Shared use path in Milwaukee County, Wisconsin

The Hank Aaron State Trail is a 15.2 mi shared-use path in Milwaukee County, Wisconsin, United States. It was named after former Milwaukee Braves and Milwaukee Brewers right fielder Hank Aaron, the trail travels east-west between Lakeshore State Park in Milwaukee and Underwood Parkway in Wauwatosa via the Menomonee Valley. It is composed of rail trail, Menomonee River-following, and on-street segments. The trail sees approximately 200,000 users each year.

==History==
Planning for the project began in 1991 when the Wisconsin State Legislature directed the Department of Natural Resources (DNR) to study the feasibility of creating a park next to Milwaukee County Stadium. At the time, the proposed park was referred to as Henry Aaron State Park. Input from local stakeholders, such as a recommendation by then-mayor John Norquist's Bicycle Task Force to develop an east-west trail through the Menomonee Valley, led to the project focus changing toward creating a multi-mile urban greenway along the Menomonee River. This greenway was originally named the Menomonee River Greenway, then renamed the Henry Aaron State Park Trail. A report by the DNR suggested that developing the trail would help remediate over a century of industrial pollution of the river, meet demand for more public open spaces, and reverse the effects of inner-city abandonment. The trail was envisioned to follow the southern edge of the river from South 2nd Street to Doyne Park, where it would meet the Milwaukee County 76 Bike Trail (now Oak Leaf Trail). The plan was approved by then-governor Tommy Thompson in 1997.

The trail opened in 2000 as the Hank Aaron State Trail with a length of only 1/3 mi, near American Family Field, though a segment between 13th Street and 25th Street was added shortly after. Original plans called for the trail bordering the southern side of the Menomonee River between 26th Street and American Family Field, crossing the Canadian Pacific Railway Muskego Yard, but in 2003, officials began to consider having the trail border an extension of Canal Street in this section. By August 2006, the trail stretched from Lakeshore State Park in the east to American Family Field in the west, with a length of roughly 5+1/2 mi.

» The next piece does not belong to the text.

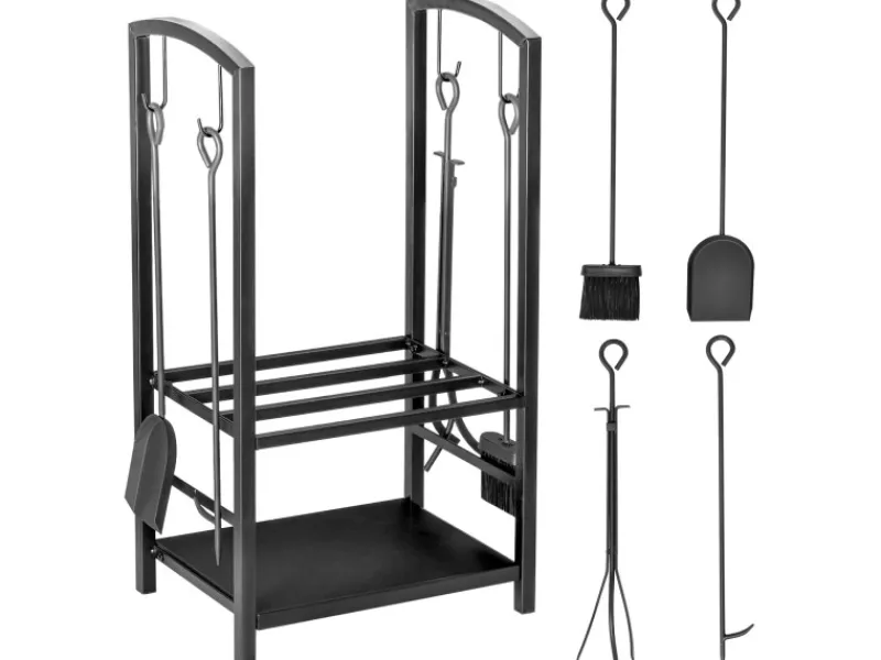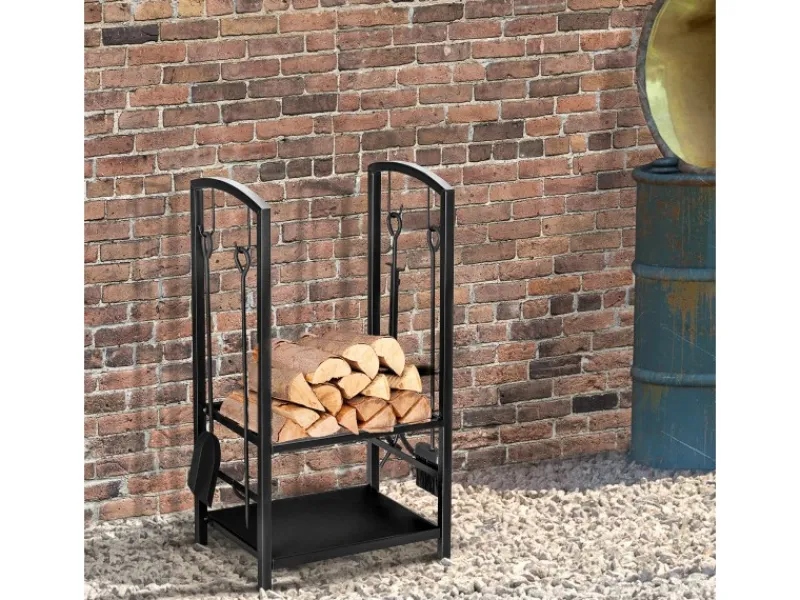 Mit diesem HOMCOM Kaminholzständer brauchen Sie sich keine Gedanken mehr über die sichere Lagerung Ihres Feuerholzes zu machen. Dieses praktische Regal bietet reichlich Platz für Brennholz, Kaminanzünder und weiteres Zubehör. Auch die Belastbarkeit mit bis zu 100 kg kann sich sehen lassen! Zusätzlich erhalten Sie ein 4-teiliges Kaminbesteck, bestehend aus Besen, Schaufel, Schürhaken und Zange. So schützen Sie Ihr Brennholz vor Bodenfeuchtigkeit und können sich vor dem Kamin gemütlich entspannen.

In 2010, a 4 mi westward extension to 94th Place was completed via a former railroad right-of-way, setting the total trail length to 10 mi. In November 2011, the trail was expanded from 94th Place to Underwood Parkway, though this section was composed of compacted gravel instead of being paved as the other sections had been. In 2012, construction began on a 1 mi spur connecting to Mitchell Park Horticultural Conservatory; by next year, it, along with the then-new Three Bridges Park it passes through, were open. In 2014, a connection between the trail at 6th Street and Freshwater Way was added, giving users coming from the south a non-motorized route for reaching the trail. In 2018, the compacted gravel section of the trail west of 94th Place was paved as part of reconstructing of the Zoo Interchange. In 2019, a connection to Wisconsin Highway 100 near the Milwaukee County Zoo was added.

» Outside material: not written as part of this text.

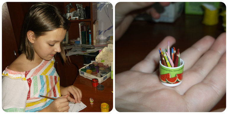 Пишу "у нас", потому что работу эту вместе с дочкой делали точнее, я только руководила. Правда, я не смогла помочь ей на защите, муж сегодня ходил с Ксюшей в школу на межшкольный этап защиты исследовательской работы. Секция технология, тема "Миниатюра своими руками".

In 2020, the trail was designated part of U.S. Bicycle Route 30. As of 2023, according to the Wisconsin Department of Natural Resources, approximately 200,000 people use the trail annually.

==Route==
The trail is open to walkers, joggers, bicyclists, and in-line skaters. Much of the trail is accessible to people with disabilities.

The trail begins on the shore of Lake Michigan in Lakeshore State Park, near Henry Maier Festival Park. It travels west on city streets through Milwaukee until reaching West Pittsburgh Avenue, where a ramp leads up to the Sixth Street South Viaduct. Going north, at the intersection with West Canal Street, the trail borders the roadway westward until approaching South 37th Street, where it becomes a rail trail. It continues west, traveling through the Milwaukee Soldiers Home (Old Main) and Wisconsin State Fair Park and passing near the Milwaukee County Zoo before ending at an intersection with the Oak Leaf Trail at Underwood Parkway in Wauwatosa, Wisconsin. The elevation increases by 272 ft when traveling westward.

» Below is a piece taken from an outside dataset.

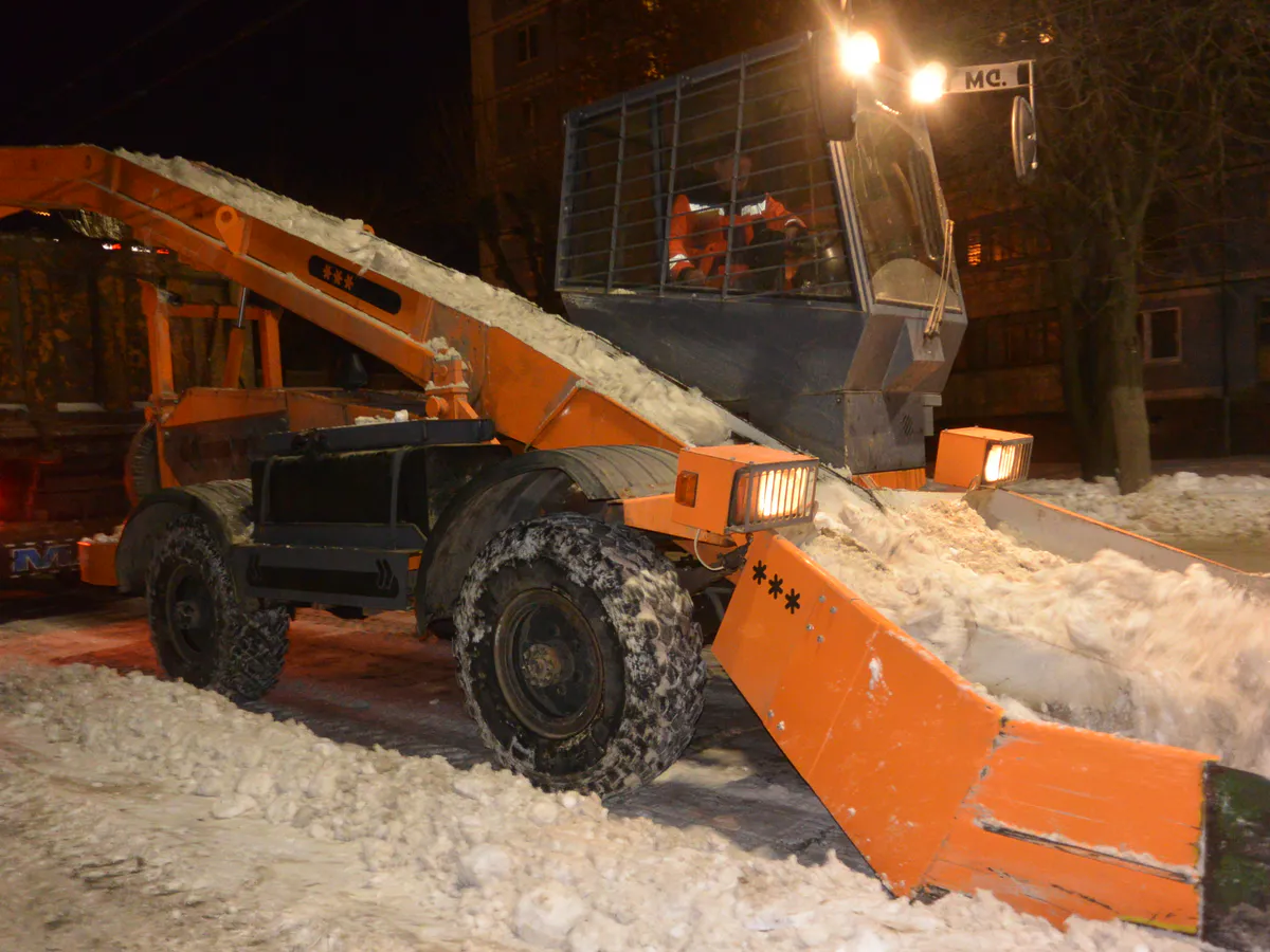 В 22:00 начинается основная работа. С помощью снегопогрузчика снег загружают в самосвал.

An eastward spur connects to Mitchell Park by way of Three Bridges Park, a former rail yard which was converted into a 24 acre green space in 2013, while a northwestward spur provides access to American Family Field. Scenic loops branch from the mainline trail to follow and provide access to the Menomonee River.

==Artwork==
Several works of art adorn the trail. Some works are three-dimensional sculptures or interactive pieces. A Place to Sit recognizes the Native Americans that had been displaced from the Menomonee Valley. Bird Bike is an interactive stationary bicycle that powers a mechanical bird's wings. History of West Allis highlights West Allis's historical roles in manufacturing, the Manhattan Project, hosting the Wisconsin State Fair, the railroad industry, and providing for veterans. People of the Road is a set of five metal sculptures honoring the workers of the Milwaukee Road, depicting employees performing tasks in the shops that formerly occupied the site. Three copper streetcar shelters, originally constructed by the City of Milwaukee in 1929 and used on the 16th Street Viaduct, were refurbished at a cost of $120,000 to become resting areas and information kiosks.

Other works are two-dimensional paintings or murals. The Civil Rights River Loop Murals share quotations from Chief Joseph and Benito Juárez while teaching about the open housing racial justice protests led by James Groppi nearby in the late 1960s. The Kelmann Restoration mural is a 130 ft long painting that mixes native elements of the southeastern Wisconsin landscape with scenes of building restorations. March On depicts silhouettes marching in front of a sunset, celebrating the 40-year anniversary of the open housing protests. The Valley Passage Mural mixes a depiction of what is on the other side of the tunnel it is painted on with what used to be there in the past.

==Recognition==
Before the trail was formally dedicated in 2000, the White House Millennium Council designated it a Millennium Legacy Trail due to "its respectful celebration of the past, its connection to the community, and its far-reaching vision for the future."

At the dedication ceremony, Hank Aaron spoke to how honored he was to have the trail named after him and hoped future generations would see how much being welcomed by the people of Milwaukee meant to "a young baseball player so many, many years ago." When informed about progress on developing the trail, he expressed pleasure at the number of children and diverse neighborhoods that would have access to it. He regularly traveled to Milwaukee to be at trail-related events over the years until his death in 2021.

The route of the trail through Three Bridges Park won an Honor Award from the American Society of Landscape Architects in 2011 for how it accommodated the large age range of students at the nearby Urban Ecology Center without unnecessarily dividing the park.